**EXERCISE INPUTS:**
>>>
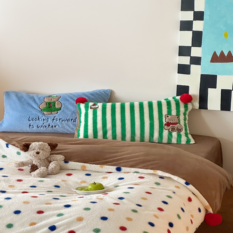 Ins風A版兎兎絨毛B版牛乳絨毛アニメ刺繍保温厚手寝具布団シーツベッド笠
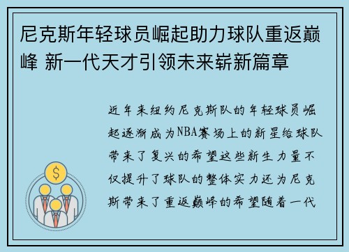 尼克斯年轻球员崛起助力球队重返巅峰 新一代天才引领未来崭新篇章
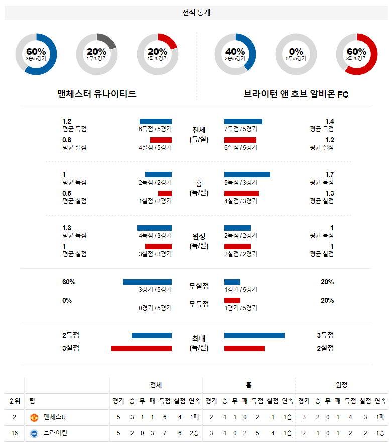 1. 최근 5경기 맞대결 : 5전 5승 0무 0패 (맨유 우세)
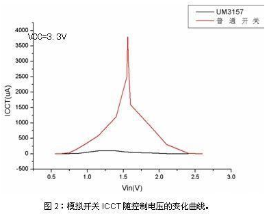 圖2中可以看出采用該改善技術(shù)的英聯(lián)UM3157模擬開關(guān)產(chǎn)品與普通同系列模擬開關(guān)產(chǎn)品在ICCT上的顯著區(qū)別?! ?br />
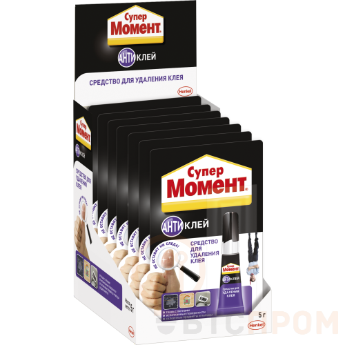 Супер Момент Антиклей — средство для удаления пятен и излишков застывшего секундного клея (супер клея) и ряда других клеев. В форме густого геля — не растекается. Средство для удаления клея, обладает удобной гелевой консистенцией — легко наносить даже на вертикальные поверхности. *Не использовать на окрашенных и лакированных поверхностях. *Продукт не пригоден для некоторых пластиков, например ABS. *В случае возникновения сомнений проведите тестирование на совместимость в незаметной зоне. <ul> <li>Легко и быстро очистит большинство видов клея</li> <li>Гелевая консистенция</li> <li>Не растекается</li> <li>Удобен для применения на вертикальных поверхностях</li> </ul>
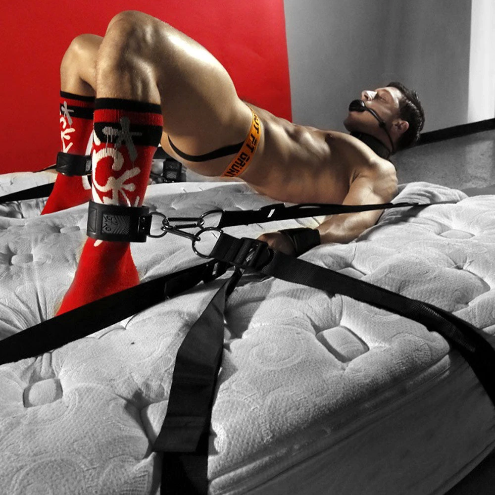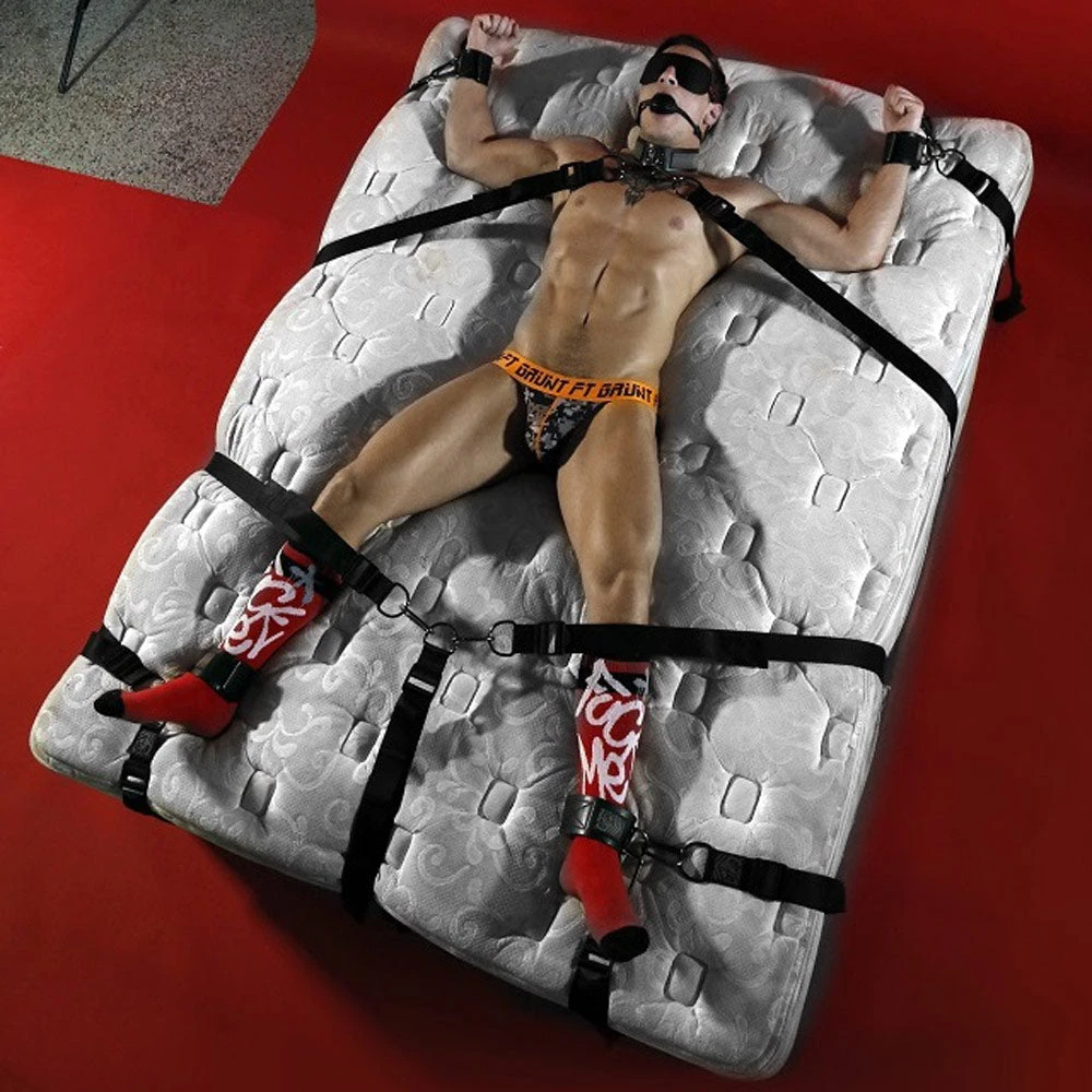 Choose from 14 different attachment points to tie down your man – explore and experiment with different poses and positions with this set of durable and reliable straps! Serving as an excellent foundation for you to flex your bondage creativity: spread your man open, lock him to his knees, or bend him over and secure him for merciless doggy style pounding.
<<<
**EXERCISE DIRECTIONS:** Give back every record exactly. Omit the pictures.

**EXERCISE SOLUTION:**
 Ins風A版兎兎絨毛B版牛乳絨毛アニメ刺繍保温厚手寝具布団シーツベッド笠
 尼克斯年轻球员崛起助力球队重返巅峰 新一代天才引领未来崭新篇章
 1. 최근 5경기 맞대결 : 5전 5승 0무 0패 (맨유 우세)
 圖2中可以看出采用該改善技術(shù)的英聯(lián)UM3157模擬開關(guān)產(chǎn)品與普通同系列模擬開關(guān)產(chǎn)品在ICCT上的顯著區(qū)別?! ?br />
 Супер Момент Антиклей — средство для удаления пятен и излишков застывшего секундного клея (супер клея) и ряда других клеев. В форме густого геля — не растекается. Средство для удаления клея, обладает удобной гелевой консистенцией — легко наносить даже на вертикальные поверхности. *Не использовать на окрашенных и лакированных поверхностях. *Продукт не пригоден для некоторых пластиков, например ABS. *В случае возникновения сомнений проведите тестирование на совместимость в незаметной зоне. <ul> <li>Легко и быстро очистит большинство видов клея</li> <li>Гелевая консистенция</li> <li>Не растекается</li> <li>Удобен для применения на вертикальных поверхностях</li> </ul>
 Choose from 14 different attachment points to tie down your man – explore and experiment with different poses and positions with this set of durable and reliable straps! Serving as an excellent foundation for you to flex your bondage creativity: spread your man open, lock him to his knees, or bend him over and secure him for merciless doggy style pounding.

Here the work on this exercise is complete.